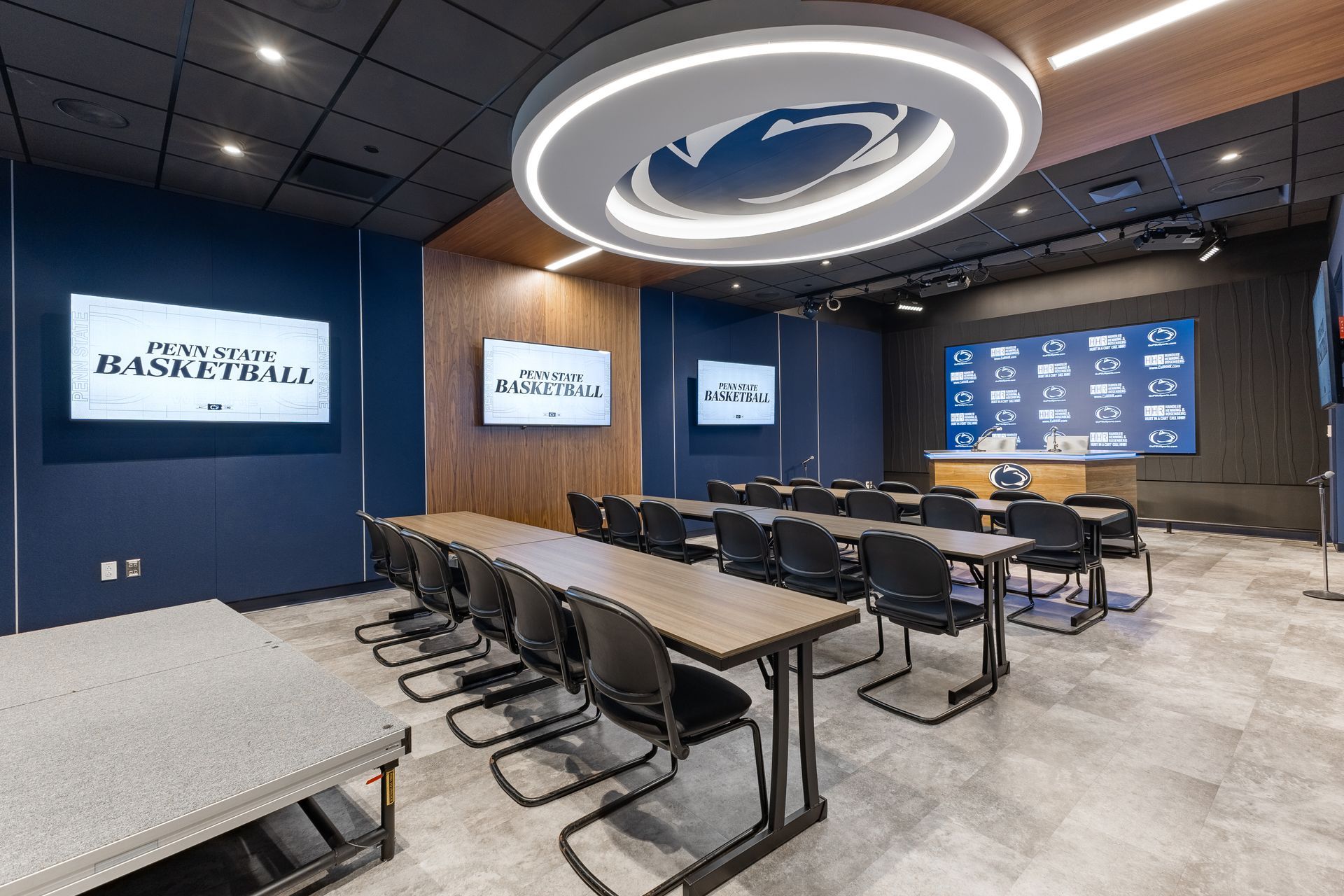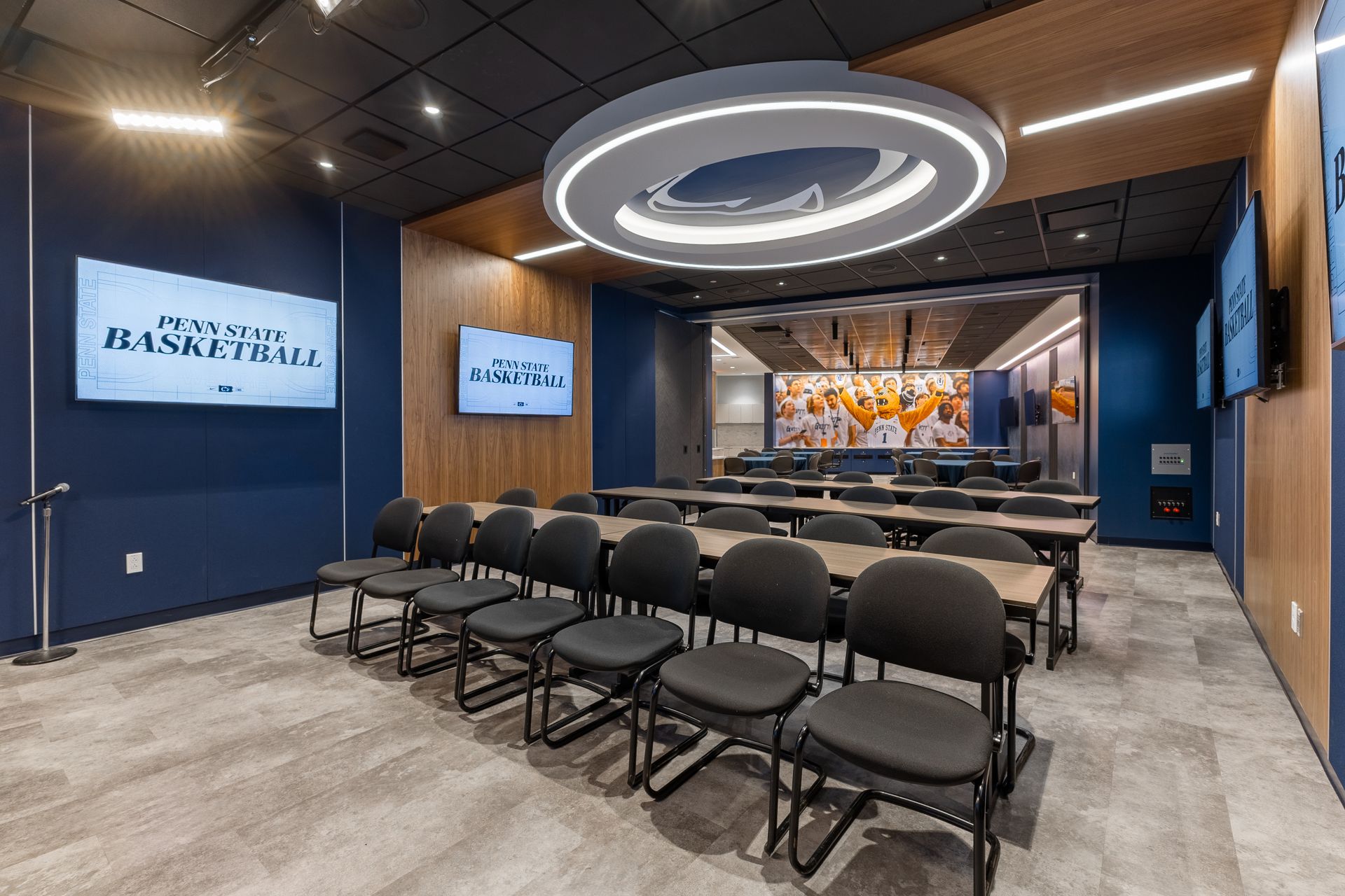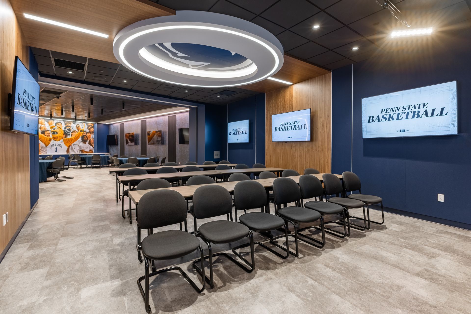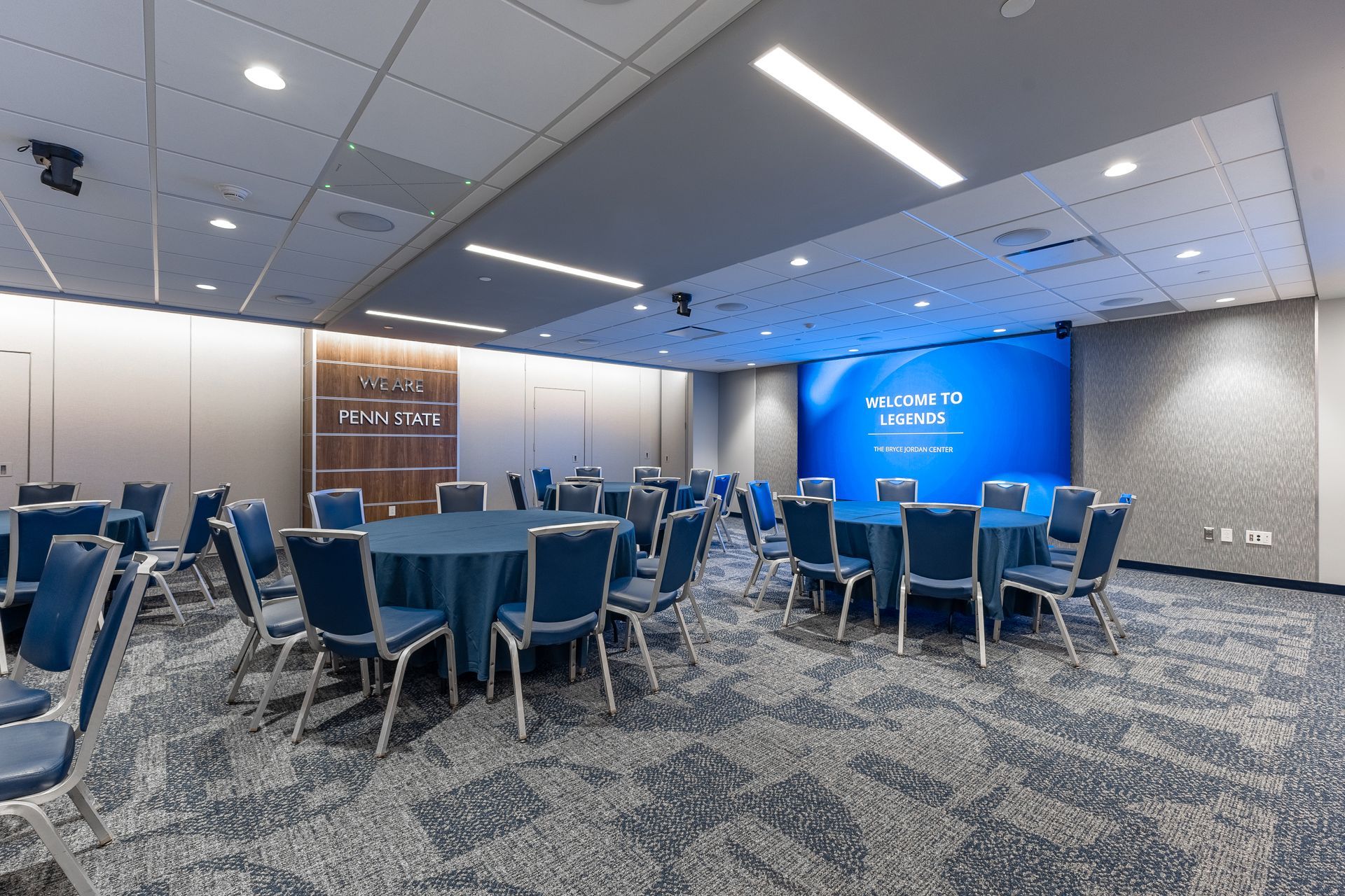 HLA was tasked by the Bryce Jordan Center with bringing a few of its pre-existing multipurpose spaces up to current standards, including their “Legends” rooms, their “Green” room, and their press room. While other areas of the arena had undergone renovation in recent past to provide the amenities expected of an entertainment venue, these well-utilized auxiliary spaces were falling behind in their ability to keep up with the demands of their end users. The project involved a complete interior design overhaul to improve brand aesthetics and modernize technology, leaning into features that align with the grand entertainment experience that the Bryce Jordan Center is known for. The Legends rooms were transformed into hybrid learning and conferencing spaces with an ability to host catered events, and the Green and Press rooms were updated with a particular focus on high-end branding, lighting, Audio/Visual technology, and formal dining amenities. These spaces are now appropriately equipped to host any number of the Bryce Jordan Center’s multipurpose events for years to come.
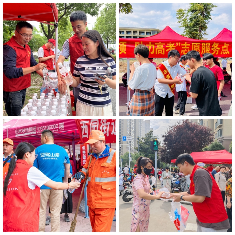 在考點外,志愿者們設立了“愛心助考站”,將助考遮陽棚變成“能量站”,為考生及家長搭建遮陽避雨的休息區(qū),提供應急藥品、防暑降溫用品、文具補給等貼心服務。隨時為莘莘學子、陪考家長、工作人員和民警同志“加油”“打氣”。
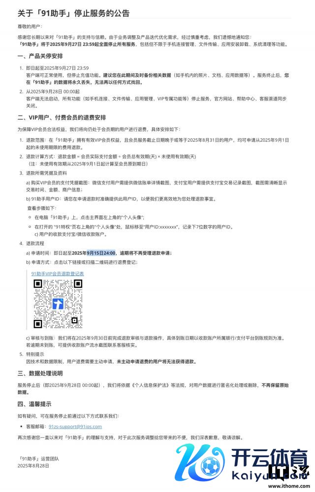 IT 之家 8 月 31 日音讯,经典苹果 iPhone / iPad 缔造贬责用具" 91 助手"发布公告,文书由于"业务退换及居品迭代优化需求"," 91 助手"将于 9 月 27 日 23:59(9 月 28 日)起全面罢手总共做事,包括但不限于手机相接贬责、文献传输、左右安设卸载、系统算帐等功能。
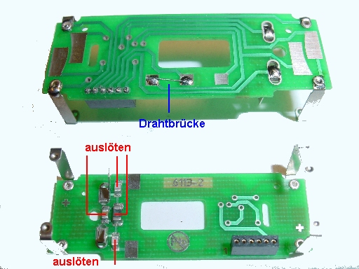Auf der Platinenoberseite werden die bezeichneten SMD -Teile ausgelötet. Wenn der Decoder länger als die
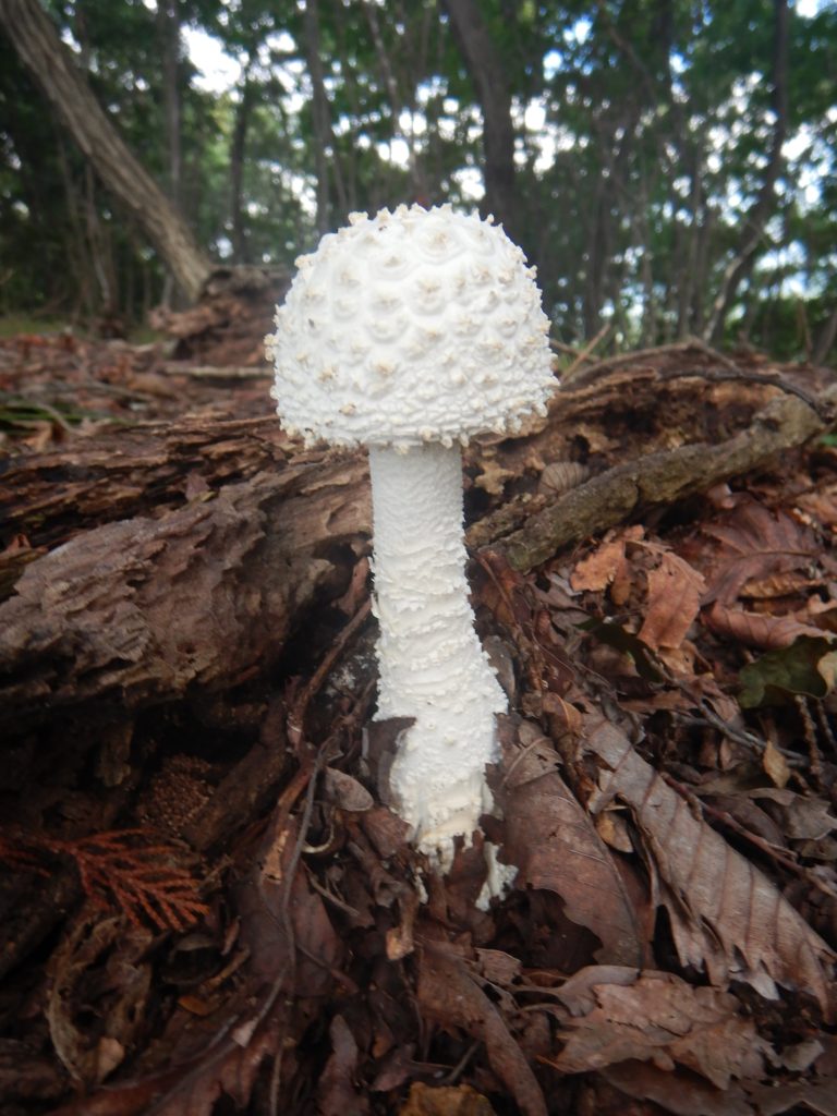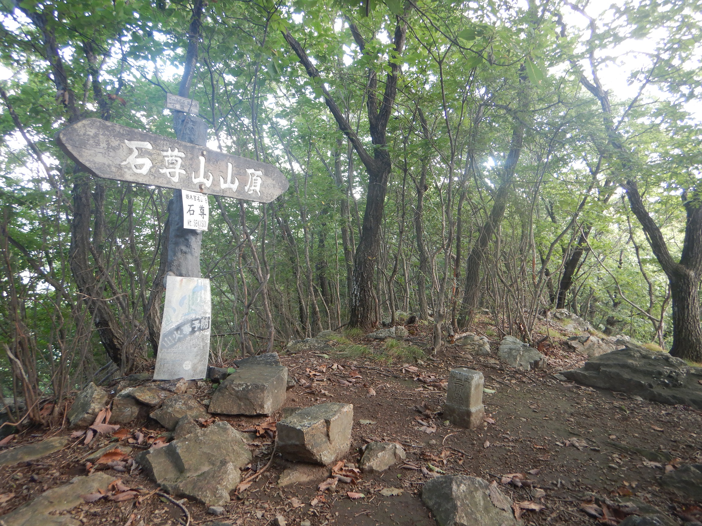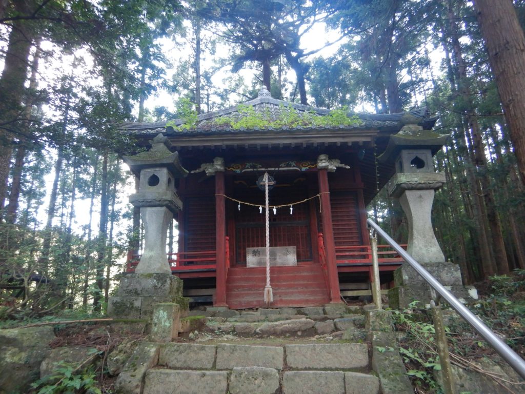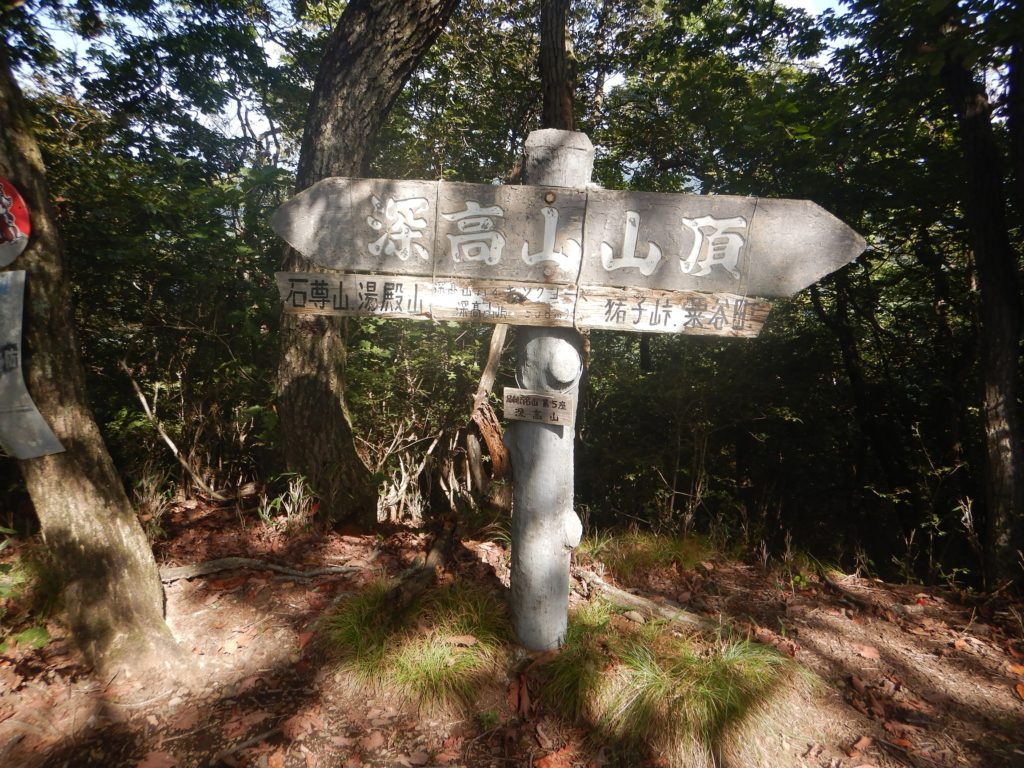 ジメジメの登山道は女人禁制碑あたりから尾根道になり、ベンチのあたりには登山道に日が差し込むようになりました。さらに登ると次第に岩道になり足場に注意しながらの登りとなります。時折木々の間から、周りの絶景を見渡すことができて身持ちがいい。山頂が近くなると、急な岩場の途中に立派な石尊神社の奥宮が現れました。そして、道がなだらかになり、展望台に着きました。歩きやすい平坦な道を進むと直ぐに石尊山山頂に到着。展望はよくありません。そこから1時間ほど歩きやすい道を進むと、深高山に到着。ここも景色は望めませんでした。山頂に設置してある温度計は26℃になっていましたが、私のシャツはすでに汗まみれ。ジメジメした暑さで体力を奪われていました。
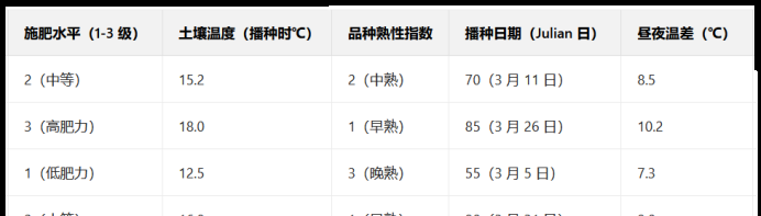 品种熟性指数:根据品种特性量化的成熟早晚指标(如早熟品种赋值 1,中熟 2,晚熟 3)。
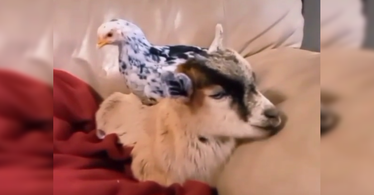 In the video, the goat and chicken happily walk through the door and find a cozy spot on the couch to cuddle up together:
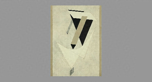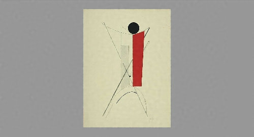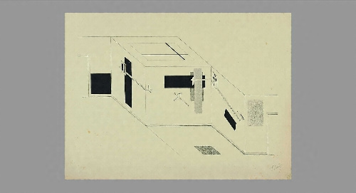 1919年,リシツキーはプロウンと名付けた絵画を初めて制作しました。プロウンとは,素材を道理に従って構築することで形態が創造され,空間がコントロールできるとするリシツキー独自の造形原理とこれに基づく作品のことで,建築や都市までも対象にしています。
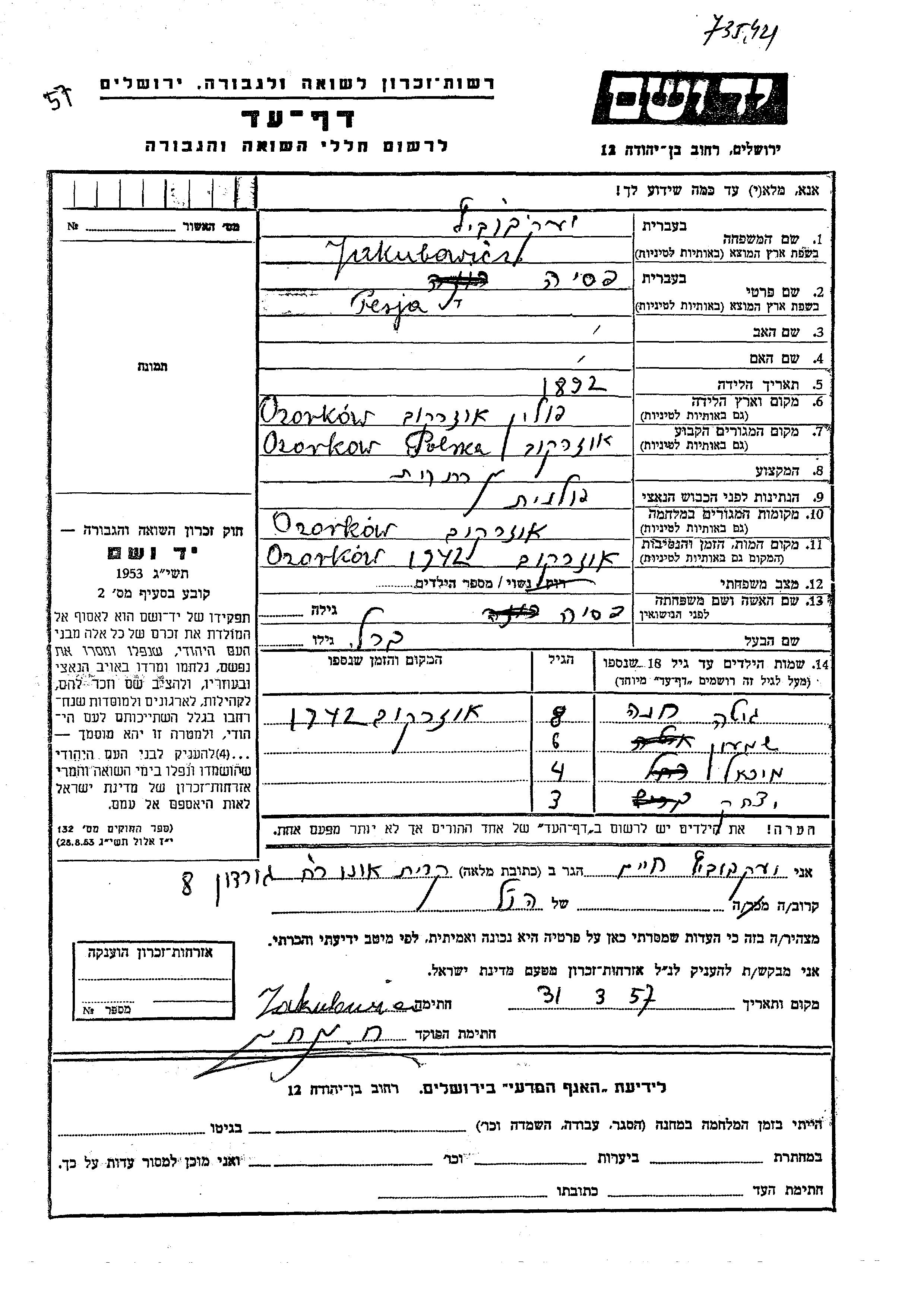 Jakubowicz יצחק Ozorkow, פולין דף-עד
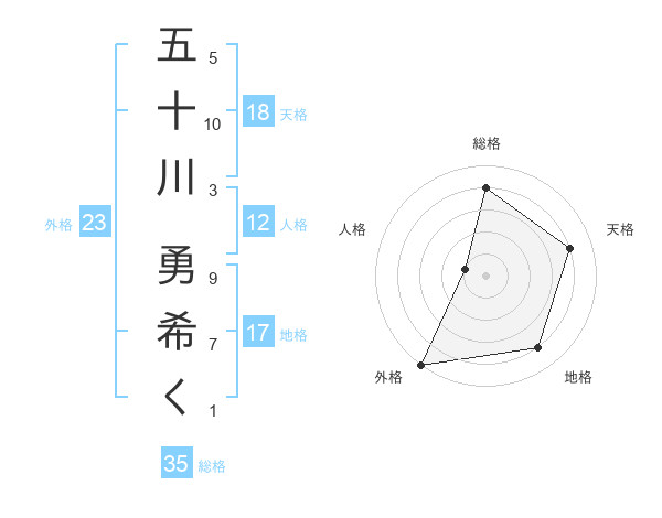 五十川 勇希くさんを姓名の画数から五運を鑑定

- - - - -

Work instructions
Return the data exactly. Do not carry over any images.

Response
 HLA was tasked by the Bryce Jordan Center with bringing a few of its pre-existing multipurpose spaces up to current standards, including their “Legends” rooms, their “Green” room, and their press room. While other areas of the arena had undergone renovation in recent past to provide the amenities expected of an entertainment venue, these well-utilized auxiliary spaces were falling behind in their ability to keep up with the demands of their end users. The project involved a complete interior design overhaul to improve brand aesthetics and modernize technology, leaning into features that align with the grand entertainment experience that the Bryce Jordan Center is known for. The Legends rooms were transformed into hybrid learning and conferencing spaces with an ability to host catered events, and the Green and Press rooms were updated with a particular focus on high-end branding, lighting, Audio/Visual technology, and formal dining amenities. These spaces are now appropriately equipped to host any number of the Bryce Jordan Center’s multipurpose events for years to come.
 在考點外,志愿者們設立了“愛心助考站”,將助考遮陽棚變成“能量站”,為考生及家長搭建遮陽避雨的休息區(qū),提供應急藥品、防暑降溫用品、文具補給等貼心服務。隨時為莘莘學子、陪考家長、工作人員和民警同志“加油”“打氣”。
 IT 之家 8 月 31 日音讯,经典苹果 iPhone / iPad 缔造贬责用具" 91 助手"发布公告,文书由于"业务退换及居品迭代优化需求"," 91 助手"将于 9 月 27 日 23:59(9 月 28 日)起全面罢手总共做事,包括但不限于手机相接贬责、文献传输、左右安设卸载、系统算帐等功能。
Auf der Platinenoberseite werden die bezeichneten SMD -Teile ausgelötet. Wenn der Decoder länger als die
 ジメジメの登山道は女人禁制碑あたりから尾根道になり、ベンチのあたりには登山道に日が差し込むようになりました。さらに登ると次第に岩道になり足場に注意しながらの登りとなります。時折木々の間から、周りの絶景を見渡すことができて身持ちがいい。山頂が近くなると、急な岩場の途中に立派な石尊神社の奥宮が現れました。そして、道がなだらかになり、展望台に着きました。歩きやすい平坦な道を進むと直ぐに石尊山山頂に到着。展望はよくありません。そこから1時間ほど歩きやすい道を進むと、深高山に到着。ここも景色は望めませんでした。山頂に設置してある温度計は26℃になっていましたが、私のシャツはすでに汗まみれ。ジメジメした暑さで体力を奪われていました。
 品种熟性指数:根据品种特性量化的成熟早晚指标(如早熟品种赋值 1,中熟 2,晚熟 3)。
 In the video, the goat and chicken happily walk through the door and find a cozy spot on the couch to cuddle up together:
 1919年,リシツキーはプロウンと名付けた絵画を初めて制作しました。プロウンとは,素材を道理に従って構築することで形態が創造され,空間がコントロールできるとするリシツキー独自の造形原理とこれに基づく作品のことで,建築や都市までも対象にしています。
 Jakubowicz יצחק Ozorkow, פולין דף-עד
 五十川 勇希くさんを姓名の画数から五運を鑑定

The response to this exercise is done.